PROBLEM TO WORK ON
Although the listing below holds pictures, reproduce only its lines from the one containing "Mit dem busch+müller" through the last, exactly and without them.

COLLECTED DATA
◆ ◆ ◆ ◆ ◆
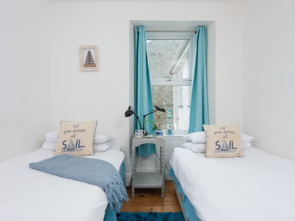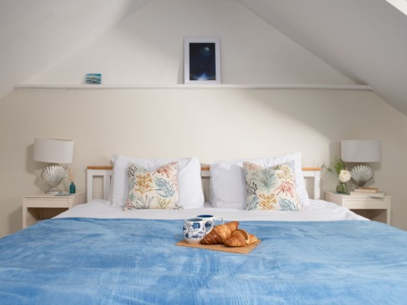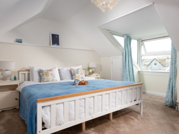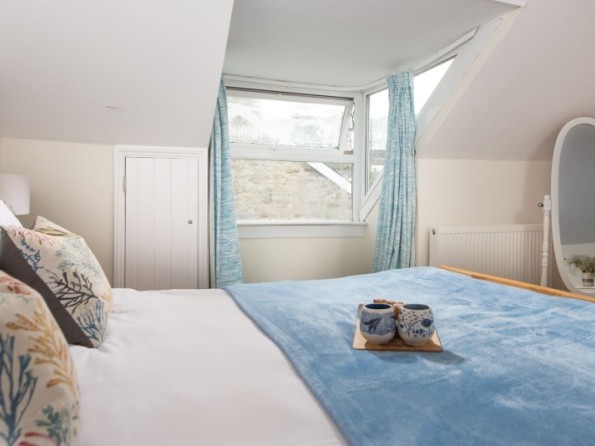 Situated on the top floor this room is bright and light-filled thanks to a large overhead dormer window from which there is a super sea glimpse over the roof tops towards the Gwithian coastline. The room has storage cupboards under the eaves and is furnished with a super king size bed, side tables with lamps, a standing oval mirror and freestanding wardrobe
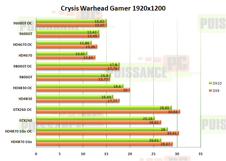 Finalement les cartes AMD sauf la HD4670 sont devant leurs ennemies Nvidia. Alors que Crysis 1 était plutôt favorable aux cartes du caméléon, Warhead lui rétablit un peu l’équité que souhaite tout joueur : avoir des performances identiques quel que soit le développeur et son affinité avec le constructeur de GPUs (une belle utopie ?). La HD4870 étant d’usine overclockée, ses résultats sont de peu supérieurs à la GTX260, mais n’auraient de toute façon pas bien loin aux fréquences de base de toute HD4870, tellement on peut dire que l’overclocking ne booste pas beaucoup cette carte.
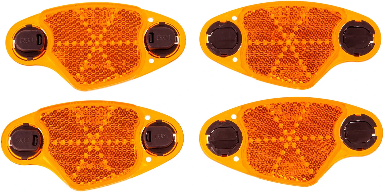 Mit dem busch+müller Speichenreflektor 309 im 4er-Set können sowohl Vorder- als auch Hinterrad mit StVZO-zugelassenen Reflektoren ausgestattet werden. Dank drehbarer Befestigungselemente aus Kunststoff geht kein Reflektor verloren.
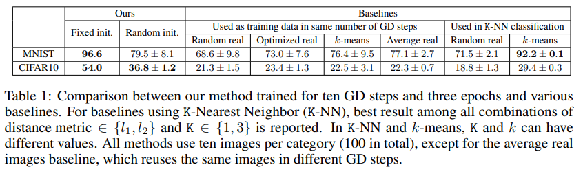 - 제안된 방법은 small distillaed image와 several gradient descent step만으로 높은 분류 성능을 달성할 수 있음.
◆ ◆ ◆ ◆ ◆
TASK RESPONSE
 Mit dem busch+müller Speichenreflektor 309 im 4er-Set können sowohl Vorder- als auch Hinterrad mit StVZO-zugelassenen Reflektoren ausgestattet werden. Dank drehbarer Befestigungselemente aus Kunststoff geht kein Reflektor verloren.
 - 제안된 방법은 small distillaed image와 several gradient descent step만으로 높은 분류 성능을 달성할 수 있음.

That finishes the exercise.